-- DATA TO EXAMINE follows --

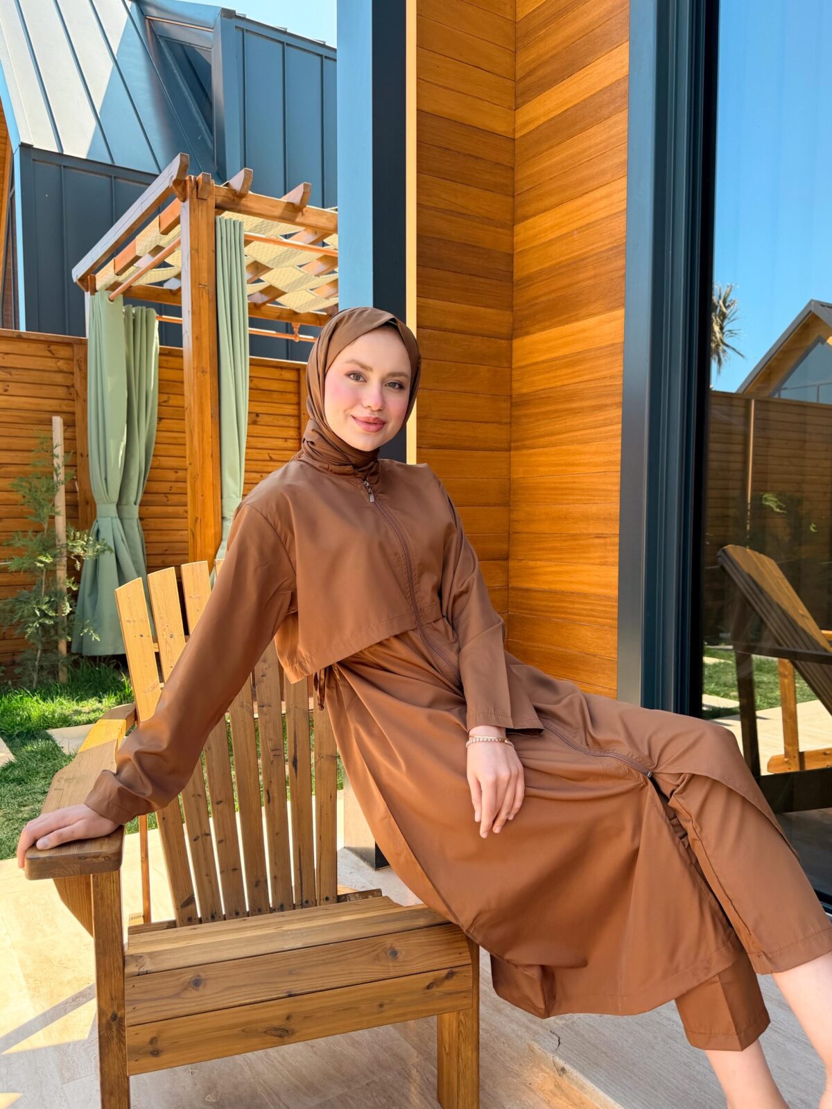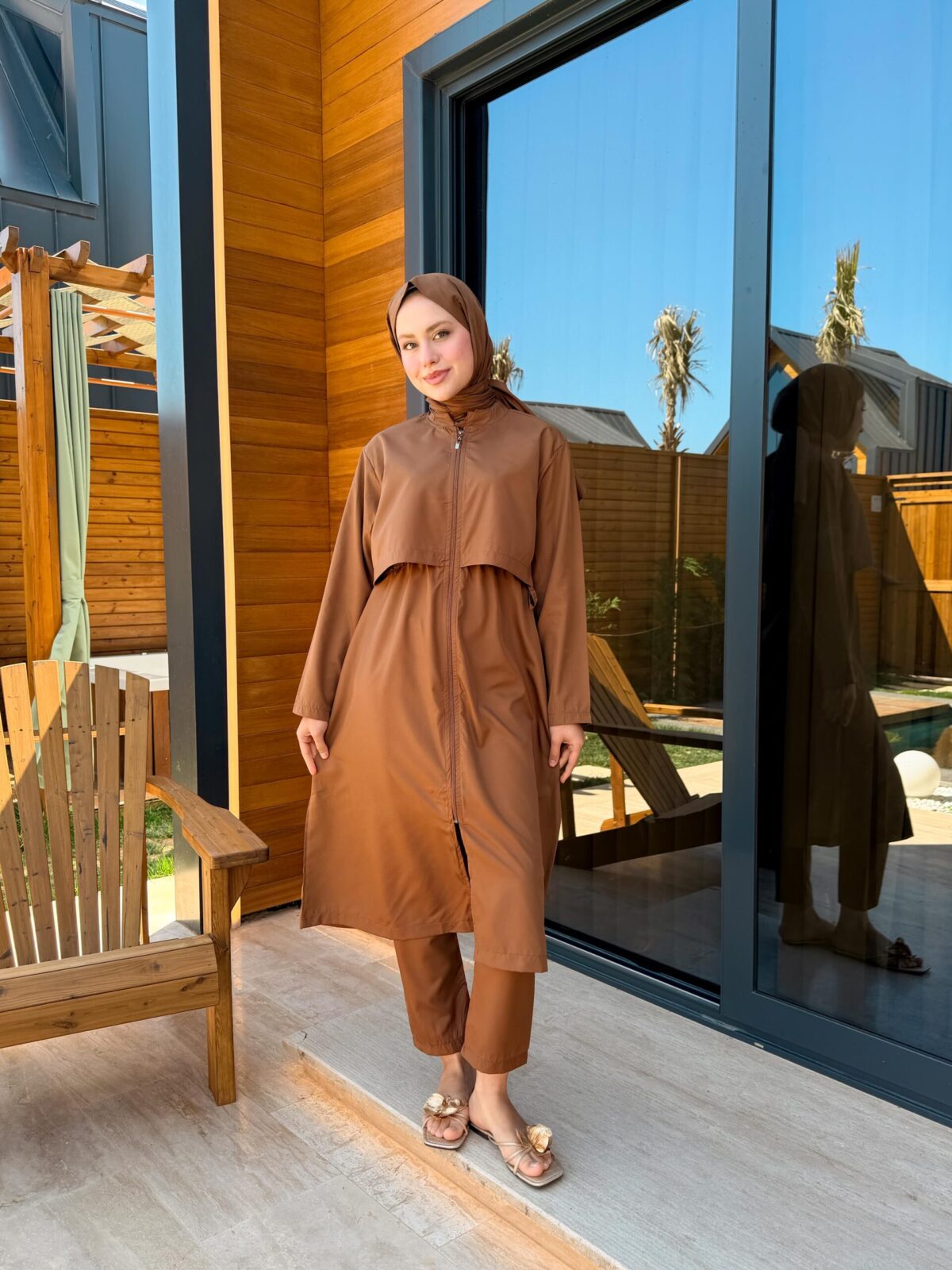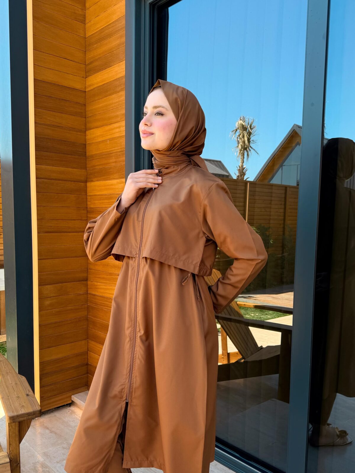 PARAŞÜT KUMAŞ TESETTÜR MAYO UZUN – KAHVERENGİ UZUN
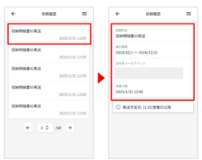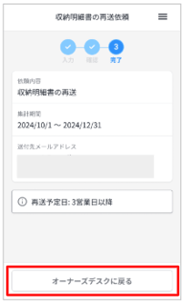 A. 通常、再送依頼日から3営業日以内に指定のメールアドレスに届きます。また、過去の明細書も申請可能ですが、明細書を発行していない期間を指定された場合は送付されませんのでご注意ください。
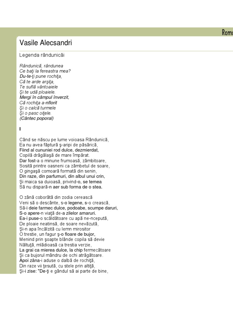 Legenda Randunicăi De Vasile Alecsandri Liber Să Spun Pagina Home
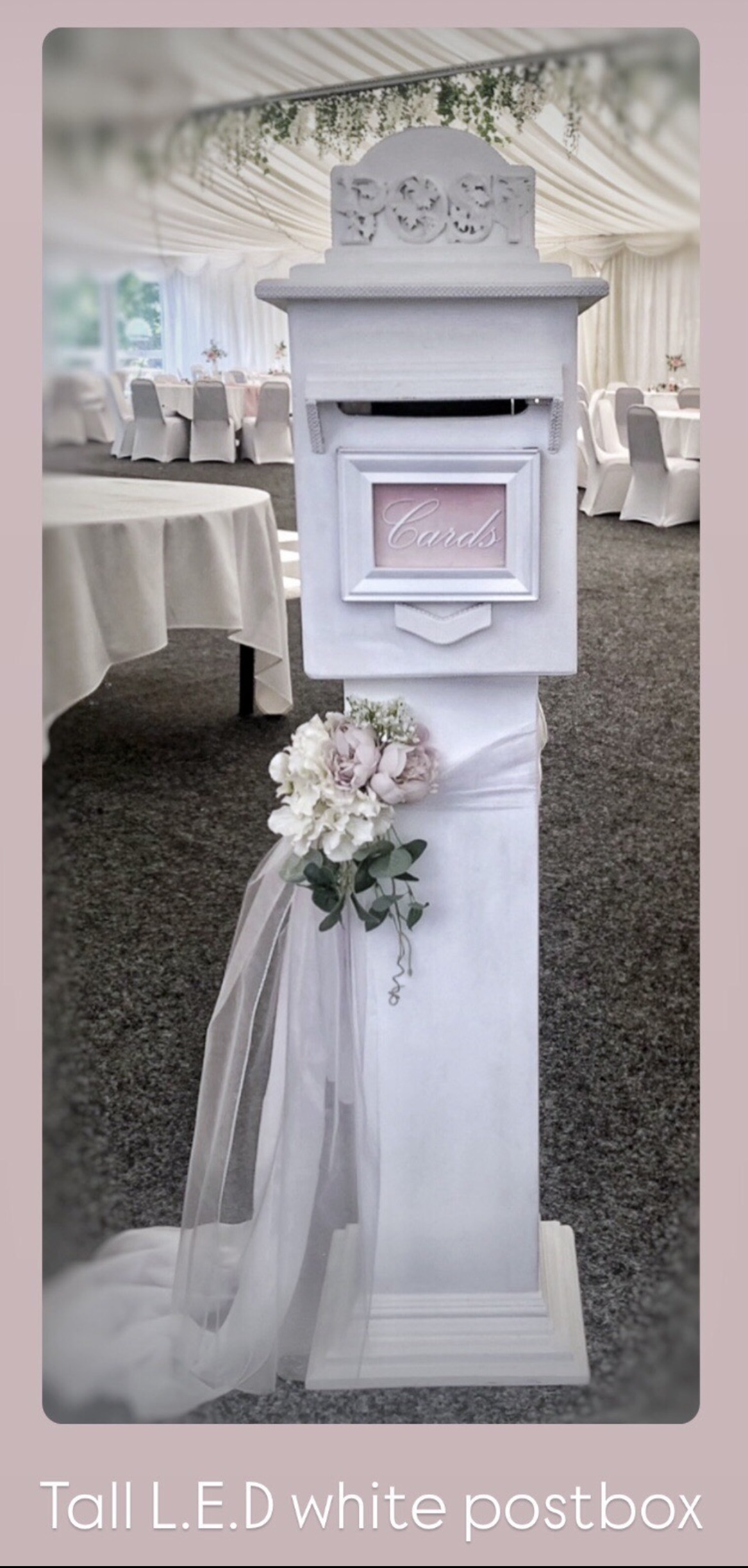Our handmade postbox is unique, and features diamanté touches with subtle LED lighting, draped in organza. Solidly built but elegant with a lockable base that will keep your cards secure and in one place.
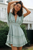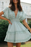 Unleash your inner confidence with our Lace Detail Plunge Short Sleeve Mini Dress. Elegant lace detailing and a flattering plunge neckline make this dress perfect for any occasion. Embrace your femininity and stand out from the crowd in this must-have dress!
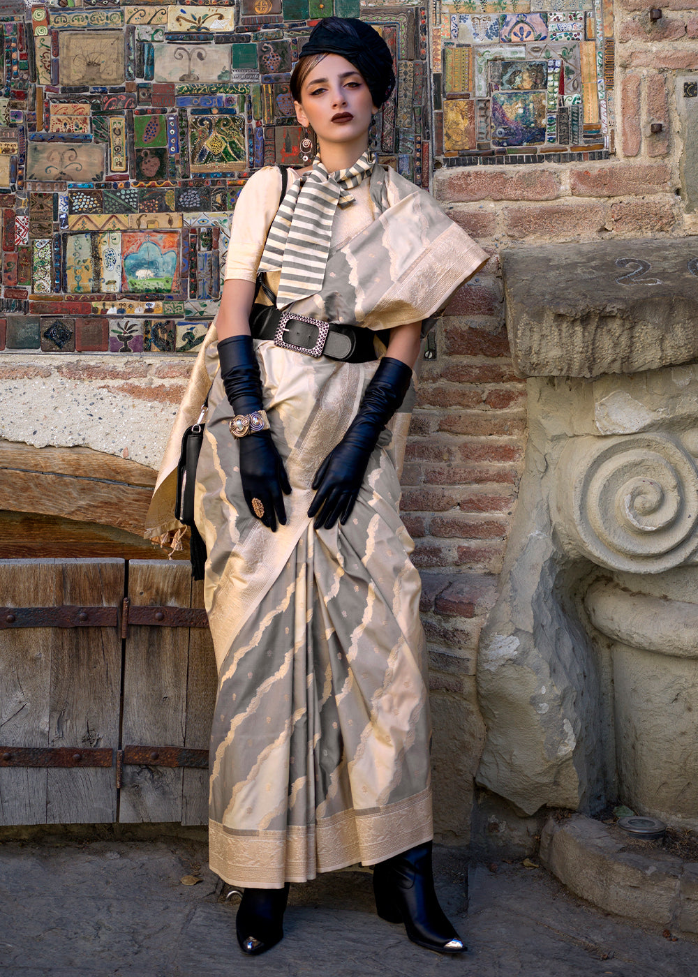 Beige Brown & Grey Rangkaat Handoom Woven Katan Silk Saree
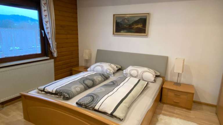 Die Ferienwohnung verfügt über zwei Schlafzimmer und einen Balkon mit Gartenblick. Zudem gibt es eine Terrasse mit Blick auf die Berge. Zur Ausstattung gehören ein Satelliten-Flachbild-TV, eine gut ausgestattete Küche mit Kühlschrank, Geschirrspüler und Ofen sowie ein Badezimmer mit Dusche und Haartrockner.
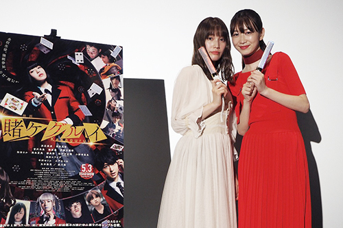 6月15日に実施された『映画 賭ケグルイ』の応援上映舞台挨拶が好評につき、第二回目が、同じく吉祥寺オデヲンで開催された。浜辺美波演じる蛇喰夢子(じゃばみゆめこ)らと敵対する生徒会メンバーとして、ドラマseason1から作品に参加する五十嵐清華(いがらしさやか)役の中村ゆりかさん、西洞院百合子(にしのとういんゆりこ)役の岡本夏美さんが応援ゲストとして登壇!今だから話せる撮影秘話などエピソードトークを披露しました。
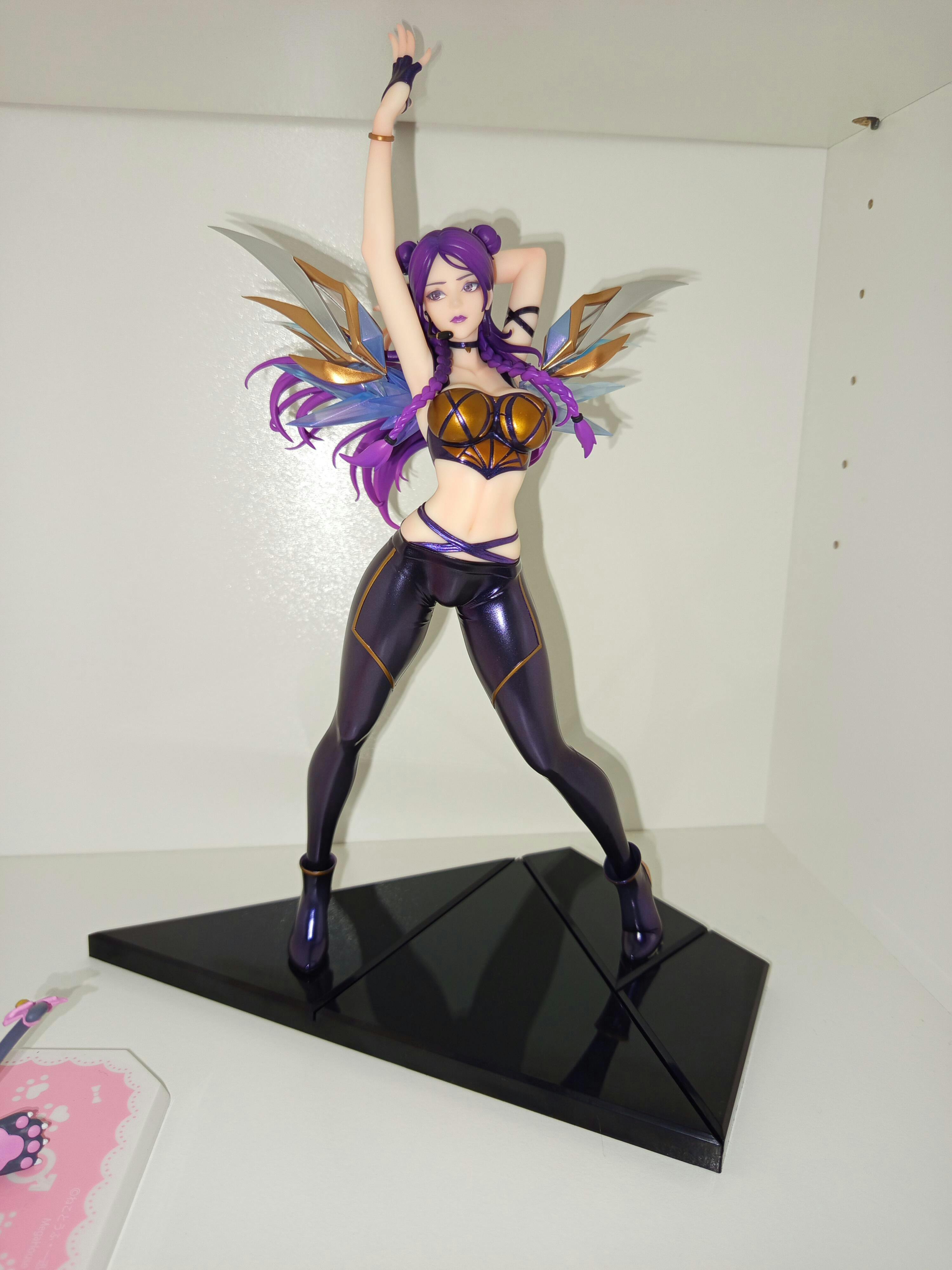 Bring the electrifying energy of "League of Legends" to your collection with this 1/7 scale figure of Kai'Sa from the K/DA pop star lineup, presented by Apex Innovation. This stunning figure showcases Kai'Sa in a dynamic pose, ready to dazzle her fans with her performance. Dressed in a sleek, form-fitting outfit with metallic gold and purple accents, she exudes confidence and charisma. Her vibrant purple hair, styled in braids, flows beautifully, adding to her captivating presence. The detailed wings and futuristic design elements highlight her unique style. This Kai'Sa figure is a must-have for any "League of Legends" fan, capturing the spirit and glamour of the K/DA sensation.
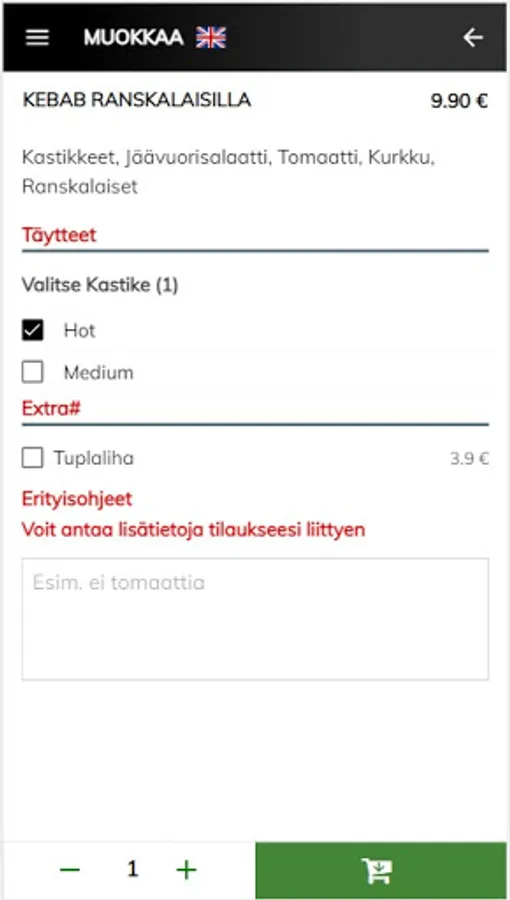 Valittuasi halutun ruoka-annoksen, lisäät sen ostoskoriin – tai valitset esim. lisätäytteitä. Voit tehdä vielä

-- DATA TO EXAMINE concluded --

### EXERCISE PROMPT
The answer must be a word-for-word copy of all the entries, containing no pictures.

### RESPONSE AREA
 PARAŞÜT KUMAŞ TESETTÜR MAYO UZUN – KAHVERENGİ UZUN
 A. 通常、再送依頼日から3営業日以内に指定のメールアドレスに届きます。また、過去の明細書も申請可能ですが、明細書を発行していない期間を指定された場合は送付されませんのでご注意ください。
 Legenda Randunicăi De Vasile Alecsandri Liber Să Spun Pagina Home
Our handmade postbox is unique, and features diamanté touches with subtle LED lighting, draped in organza. Solidly built but elegant with a lockable base that will keep your cards secure and in one place.
 Unleash your inner confidence with our Lace Detail Plunge Short Sleeve Mini Dress. Elegant lace detailing and a flattering plunge neckline make this dress perfect for any occasion. Embrace your femininity and stand out from the crowd in this must-have dress!
 Beige Brown & Grey Rangkaat Handoom Woven Katan Silk Saree
 Die Ferienwohnung verfügt über zwei Schlafzimmer und einen Balkon mit Gartenblick. Zudem gibt es eine Terrasse mit Blick auf die Berge. Zur Ausstattung gehören ein Satelliten-Flachbild-TV, eine gut ausgestattete Küche mit Kühlschrank, Geschirrspüler und Ofen sowie ein Badezimmer mit Dusche und Haartrockner.
 6月15日に実施された『映画 賭ケグルイ』の応援上映舞台挨拶が好評につき、第二回目が、同じく吉祥寺オデヲンで開催された。浜辺美波演じる蛇喰夢子(じゃばみゆめこ)らと敵対する生徒会メンバーとして、ドラマseason1から作品に参加する五十嵐清華(いがらしさやか)役の中村ゆりかさん、西洞院百合子(にしのとういんゆりこ)役の岡本夏美さんが応援ゲストとして登壇!今だから話せる撮影秘話などエピソードトークを披露しました。
 Bring the electrifying energy of "League of Legends" to your collection with this 1/7 scale figure of Kai'Sa from the K/DA pop star lineup, presented by Apex Innovation. This stunning figure showcases Kai'Sa in a dynamic pose, ready to dazzle her fans with her performance. Dressed in a sleek, form-fitting outfit with metallic gold and purple accents, she exudes confidence and charisma. Her vibrant purple hair, styled in braids, flows beautifully, adding to her captivating presence. The detailed wings and futuristic design elements highlight her unique style. This Kai'Sa figure is a must-have for any "League of Legends" fan, capturing the spirit and glamour of the K/DA sensation.
 Valittuasi halutun ruoka-annoksen, lisäät sen ostoskoriin – tai valitset esim. lisätäytteitä. Voit tehdä vielä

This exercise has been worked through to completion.